■ What you are asked to do: Exactly the lines below from the line with "Dostlar Tiyatrosu’nun ilk" through the line with "Günümüzde müşteriler, işletmelere" must make up the answer, both ends included and pictures left out.

■ Records to use:
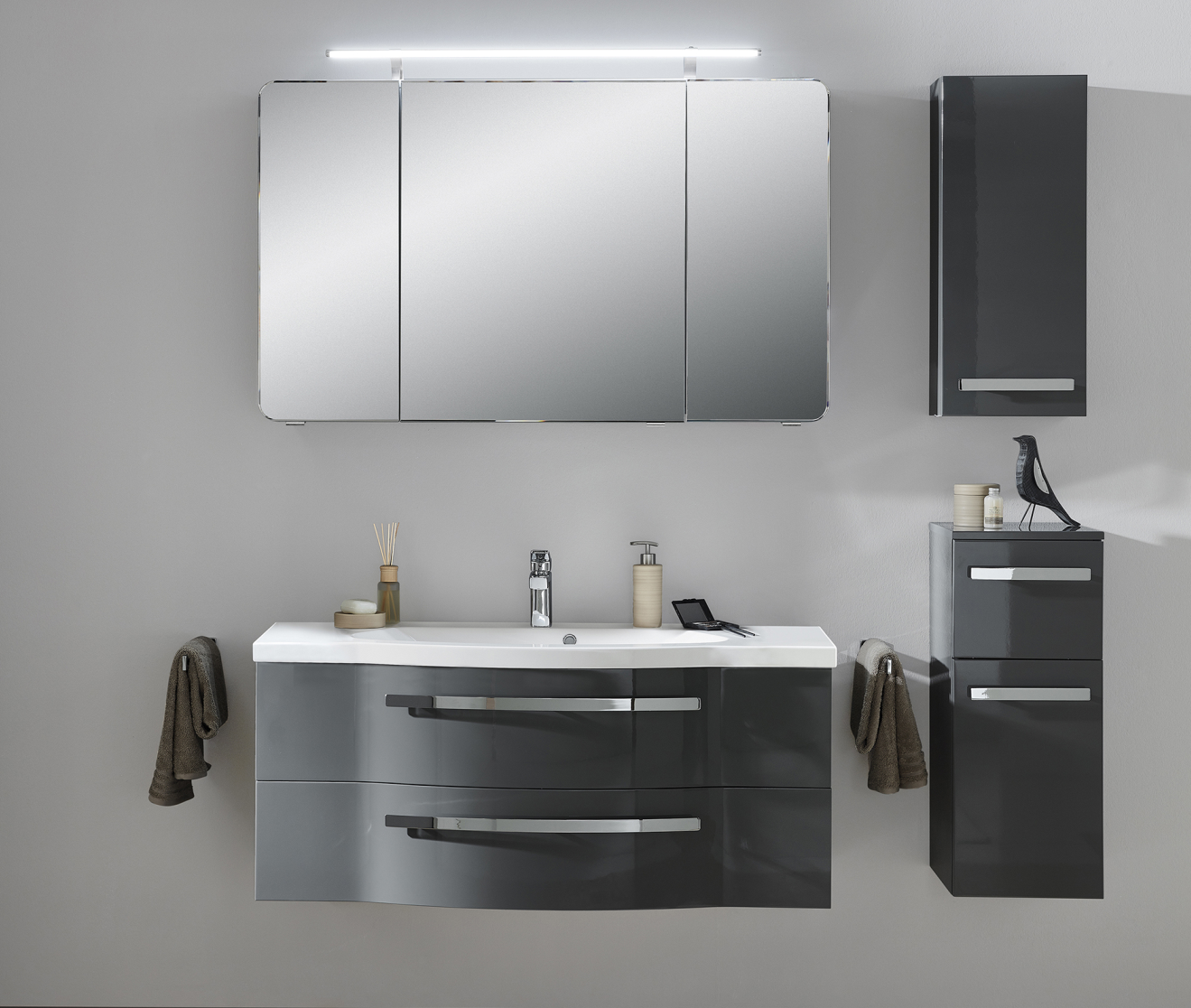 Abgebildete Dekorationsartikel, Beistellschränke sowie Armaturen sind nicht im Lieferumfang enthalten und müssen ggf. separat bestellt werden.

...

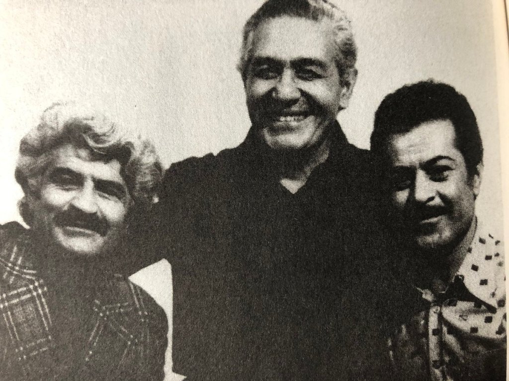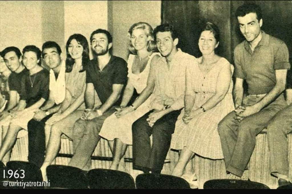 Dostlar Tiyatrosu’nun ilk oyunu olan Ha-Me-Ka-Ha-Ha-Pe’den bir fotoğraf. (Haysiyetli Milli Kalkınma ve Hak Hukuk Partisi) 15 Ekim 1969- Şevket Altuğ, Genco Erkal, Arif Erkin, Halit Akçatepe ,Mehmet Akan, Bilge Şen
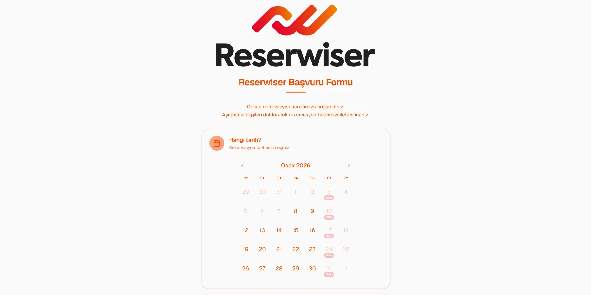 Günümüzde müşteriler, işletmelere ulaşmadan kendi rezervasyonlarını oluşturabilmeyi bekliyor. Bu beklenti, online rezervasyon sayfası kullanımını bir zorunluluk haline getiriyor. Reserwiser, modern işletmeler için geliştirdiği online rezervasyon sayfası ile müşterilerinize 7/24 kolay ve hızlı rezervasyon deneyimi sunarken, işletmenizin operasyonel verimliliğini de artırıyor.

--

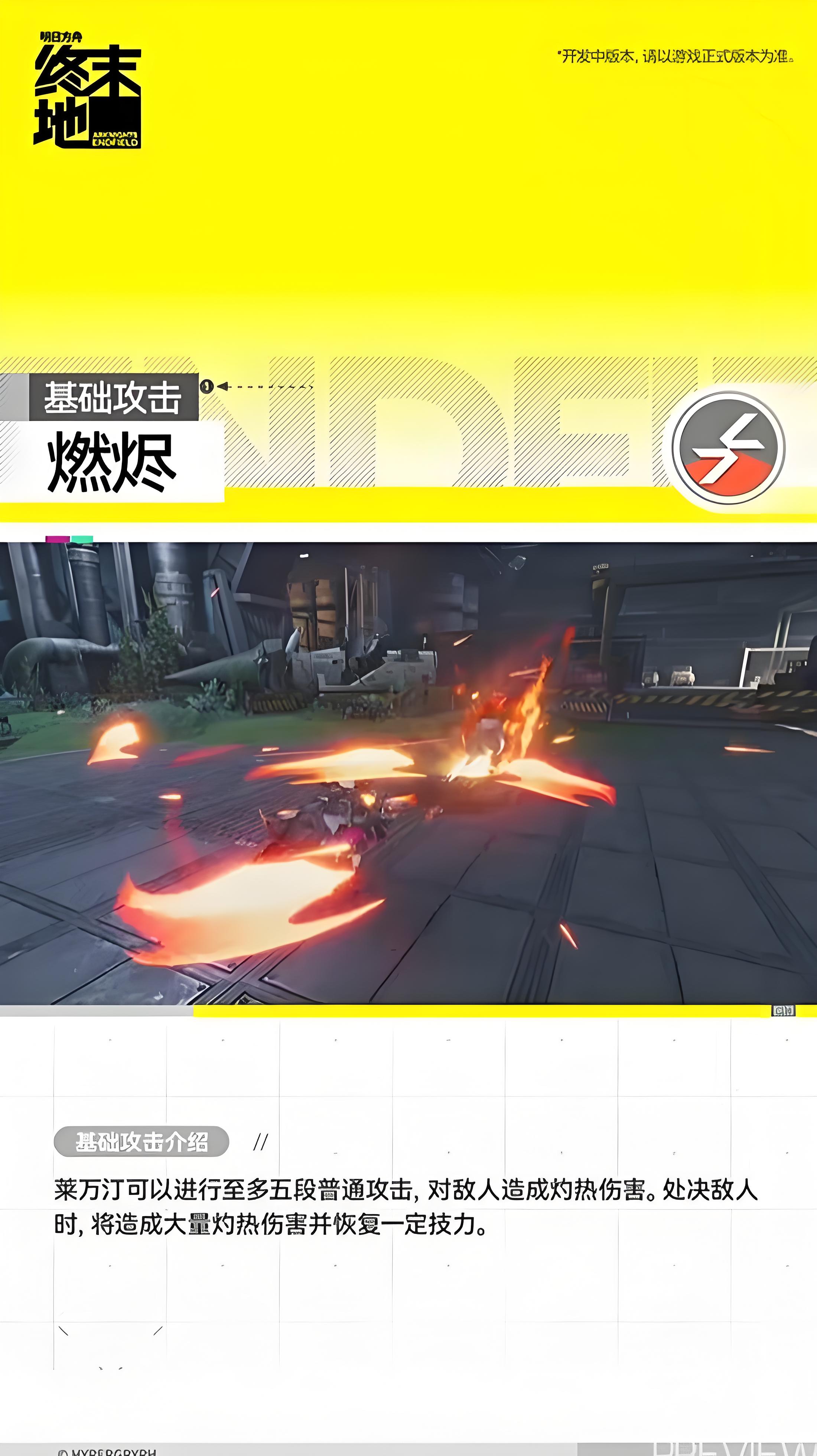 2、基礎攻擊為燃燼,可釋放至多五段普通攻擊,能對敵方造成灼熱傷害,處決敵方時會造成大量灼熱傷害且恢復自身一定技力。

■ Your response:
 Dostlar Tiyatrosu’nun ilk oyunu olan Ha-Me-Ka-Ha-Ha-Pe’den bir fotoğraf. (Haysiyetli Milli Kalkınma ve Hak Hukuk Partisi) 15 Ekim 1969- Şevket Altuğ, Genco Erkal, Arif Erkin, Halit Akçatepe ,Mehmet Akan, Bilge Şen
 Günümüzde müşteriler, işletmelere ulaşmadan kendi rezervasyonlarını oluşturabilmeyi bekliyor. Bu beklenti, online rezervasyon sayfası kullanımını bir zorunluluk haline getiriyor. Reserwiser, modern işletmeler için geliştirdiği online rezervasyon sayfası ile müşterilerinize 7/24 kolay ve hızlı rezervasyon deneyimi sunarken, işletmenizin operasyonel verimliliğini de artırıyor.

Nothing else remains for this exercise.